Government needs a structured approach to drought response and drought recovery

11 February, 2021
Government needs a structured approach to drought response and drought recovery Image


Mr ROY BUTLER (Barwon) (17:14): The drought recovery across much of regional New South Wales started in the eastern areas of Barwon with rain in February and March 2020. Improvements in drought conditions further west took many more months. We all know it does not rain money, so getting rain and soil moisture turned into income and employment takes some time. As 2020 drew to a close we headed for the best grain harvest we have seen since 1996, both in volume and quality. It goes to show, when we have rain and a moisture profile we can go to work and turn it into something. That is not to say drought or the impact of drought is finished. Let us not forget the people still looking to the sky, checking the various forecasting sites and apps, and waiting for rain in their area. People went into debt. Repaying that debt will slow recovery. People sold equipment for cash flow. Replacing those assets will take time. Repairing the mental health of people will take many years.
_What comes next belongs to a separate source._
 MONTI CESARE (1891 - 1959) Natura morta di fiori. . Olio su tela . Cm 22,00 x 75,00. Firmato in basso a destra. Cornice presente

Let me provide some context. The easy answer to calls for financial support for farmers has been that it is an unnecessary subsidy. The context I provide is that once COVID-19 hit the economy our governments correctly provided large amounts of cash in a very short period to many of our business sectors, with minimal paperwork required. Farmers are expected to survive years of cash deficiency; the rest of the economy is assessed in weeks. Our farmers are also expected to provide reams of paper to prove they are worthy of assistance, paper they have to pay thousands of dollars to accountants to provide. It would be folly not to review what happened and the way State and Federal governments dealt with it. The two key areas to review are the incentives to increase resilience, and at which point resilience is exceeded and cash support is provided. It would seem sensible that the point where resilience is exceeded is then identified through graduated increases in cash support.
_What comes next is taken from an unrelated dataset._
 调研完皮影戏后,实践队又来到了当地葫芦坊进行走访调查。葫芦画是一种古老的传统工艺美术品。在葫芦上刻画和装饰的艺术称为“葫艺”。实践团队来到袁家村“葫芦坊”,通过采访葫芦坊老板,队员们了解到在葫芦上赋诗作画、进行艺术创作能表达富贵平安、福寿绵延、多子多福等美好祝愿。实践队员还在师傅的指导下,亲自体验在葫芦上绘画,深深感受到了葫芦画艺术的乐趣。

New South Wales should be congratulated on previous efforts to increase agricultural resilience through grants, loans and subsidies to purchase transport and fodder. A review should also check the levels of interest rates for the loans and consolidation of loans across various schemes. The interaction between the Commonwealth and State governments must be assessed. Many effective tools for resilience are held within Commonwealth responsibilities, such as tax and laws relating to financial institutions. The extension of the Farm Management Deposits scheme to associated service and product suppliers must be considered. These businesses have as peaked a cash flow as farmers. I am calling on State and Federal governments to develop a phased and structured approach to drought assistance and drought recovery that in the first instance is guided by the findings of an external review. We need a structure that has trigger points that gives primary producers certainty about what would happen and when. Any plan should also acknowledge and deal with the broader impacts on whole communities through drought.

A key measure of support is through finance for those who can access and afford it. My offices were constantly in contact with desperate people who were unable to access sufficient assistance to keep their heads above water. The offerings of loans were a problem. To qualify for a loan people need to meet the Australian Prudential Regulation Authority lending criteria. People with no equity available and no prospect of income cannot qualify for a loan. State and Federal politicians of all political persuasions offered their thoughts and prayers, and I have to believe their sentiments were genuine. But what people needed at that time was cash, money to pay bills, buy food, put clothes on their children's backs and fuel to get to town. This was not about subsiding luxuries; it was about necessities.

Where agriculture forms a significant component of a rural economy, whole communities suffer when agriculture is compromised. Employment is down, business turnover is down generally and towns lose population. I have spoken in this place previously about the importance of population. This acknowledgement of the community-wide impact of drought was never in the headlines enough. Whilst we have what looks like a good season ahead—and I hope it is followed by many more—the only certainty is that we will one day go back into drought. The biggest future cost from this most recent drought would be to fail to plan for the next one. Australia has one of the lowest levels of subsidy for agriculture in the world. If we are going to run with low levels of subsidy to primary production—and there are many reasons we do that—the flip side is that when agriculture is struggling we need to offer genuine assistance to keep people on the land and to keep populations in towns.

I call on the New South Wales Government to establish an independent review into the matters I have raised in this speech. Some names that indicate the type of character and experience that I would like to see on such a review are: Mal Peters, from the Regional Australia Institute; Wayne Dunford, former Chair Drought Taskforce; Fran Rowe, a highly regarded rural financial counsellor; Katrina Humphries, the Mayor of the Moree Plains Shire Council; and Danica Leys, from the Country Women's Association. It is such individuals who have the capacity to honestly look into drought policy in New South Wales.